We were enjoying pulling away from the border, watching camels just chilling on the roadside, when our car was stopped to collect a"tourist tax:. It sounded sketch, and the price was steep (100 lira, 20$ per). Moment of semi-panic as this unexpected tax cleaned us both fully out, but the driver assured us he would stop at a cash machine before our final destination. The drive down the coast was absolutely stunning. After 10 km or so of some Marriot-type development, we were zooming down a desolate desert highway that ran parallel to the red sea, with giant, crumbling granite mountains to our right, and the Jordan and Saudi Arabian coast to the East. The whole land was desolate...sand, stones, sun, and the occasional Bedouin man or woman, in full-length black robes, walking a lonesome camel, laden with colorful scarves, down the empty road. There were some, far and few between, outcrops of houses and building along the Sinai coast (the real estate was too prime to be completely undeveloped), but they were all small-scale, made of local materials like sand bricks, stones, with rounded arches, open doorways, circling outdoor stair cases, white washed adobe walls, niches, colonnettes, domes, towers, and colored stones that accentuated, not blighted, the landscape. We passed by tall mountains, hidden alcoves, single huts nested in mountain crevices, and Bedouin encampments (Haiyma) made of tattered cloth and tarp, blowing in the wind.


We pulled into our destination, a semi circular beach, dappled with small straw-roofed huts and with its namesake Devil’s Head rock. I jumped out of the car, immediately taking off my shoes to inquire about an ATM, the negation of which the simplicity of the place belied. I hopped back in the van, with no alternative than to travel an additional 20 km south to Nuweiba (never saw the shoes again). It was a nearly abandoned port town with several stops where we got money and bought a drink. It must have been quite the site, I the only woman in view, the two of us the only tourists in several weeks, and all the men chilling, watching TV., smoking Nargila, and joking in a relaxed, lackadaisical fashion. We were easily persuaded by a very cute young man that Yoni was in dire need of a haircut, and I spent the next two hours chatting with the owner of the shop in (admittedly terrible) Fosha (classical Arabic) about politics, and Obama’s speech at Cairo. Many, many hours after our intended arrival time, we rolled up to our destination.


The pace at which the rest of Egypt had been moving was warped speed compared to the rhythm at the Devil’s Head. The first night, it took over four hours for us to get to our room, probably near on two to get our meal, but only several seconds before we realized that all pretenses of efficiency were completely disregarded and that that was totally chill. There were circular shaded areas, with low lying pillows and lower tables, scattered around; hammocks, dream catchers, and paintings swaying in the sea breeze. Groups of friends sat around straight chilling, wondering amidst a languorous stupor whether it was worth walking 10 m to the sea to cool off. You’d catch bits of conversations in Arabic, Hebrew, Spanish, French, occasional bouts of laughter, and snippets of music (whether it was the melodious singing of the Bedouin working in the adobe kitchen, someone mindlessly tapping to an unheard beat, or the lazy strum of a guitar). I couldn’t even really tell you what it was we did for the two full days we were there.
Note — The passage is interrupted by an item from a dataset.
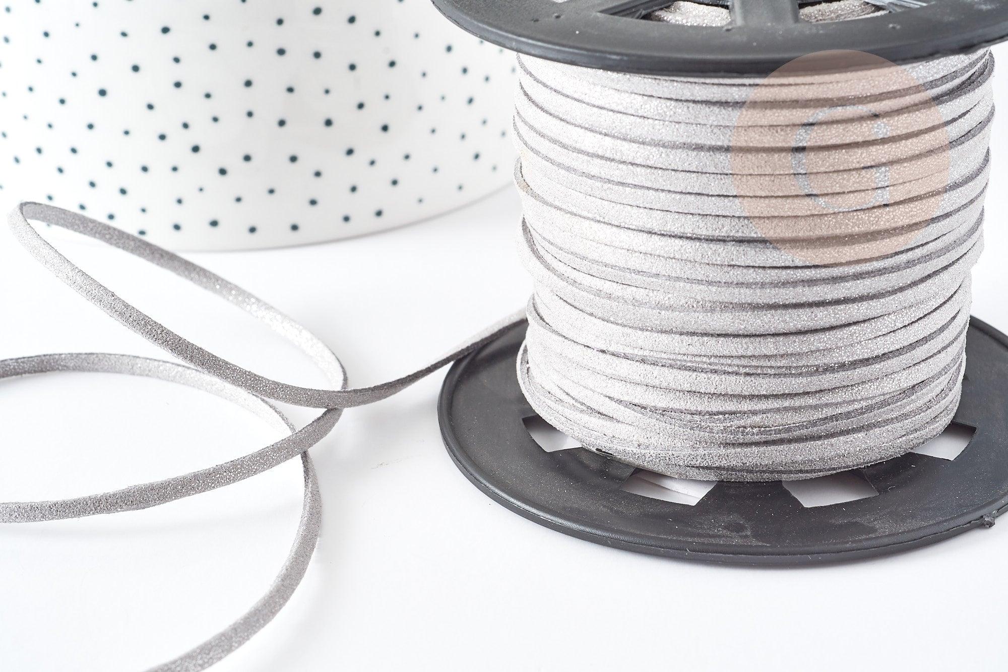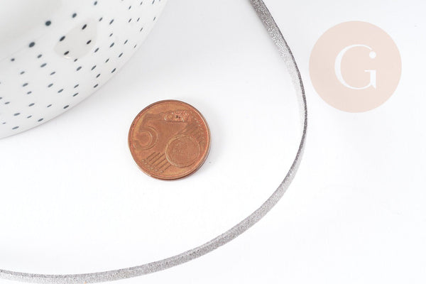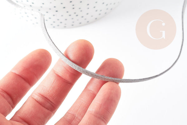 Cordon suédé gris à paillettes imitation cuir 3-4mm, x1 mètre (G1646)

We talked to some people (including awesome Bedouin waiters who’d come by to chat, bring tea, or share a smoke), went swimming in the Red Sea once, played a couple games of sesh besh…but mostly it was just watching people watching you, and watching the shifting landscapes: the dancing sky dense with twinkling stars, the red sand red sea and red mountains of red hot midday, or the pastel-hued waters and lavender, baby blue, and pink hills at sunset. Everyone seemed to have completely lost track of time, and no one missed it in the least. Going back to the border two days later felt like waking up from a very long intoxicating dream.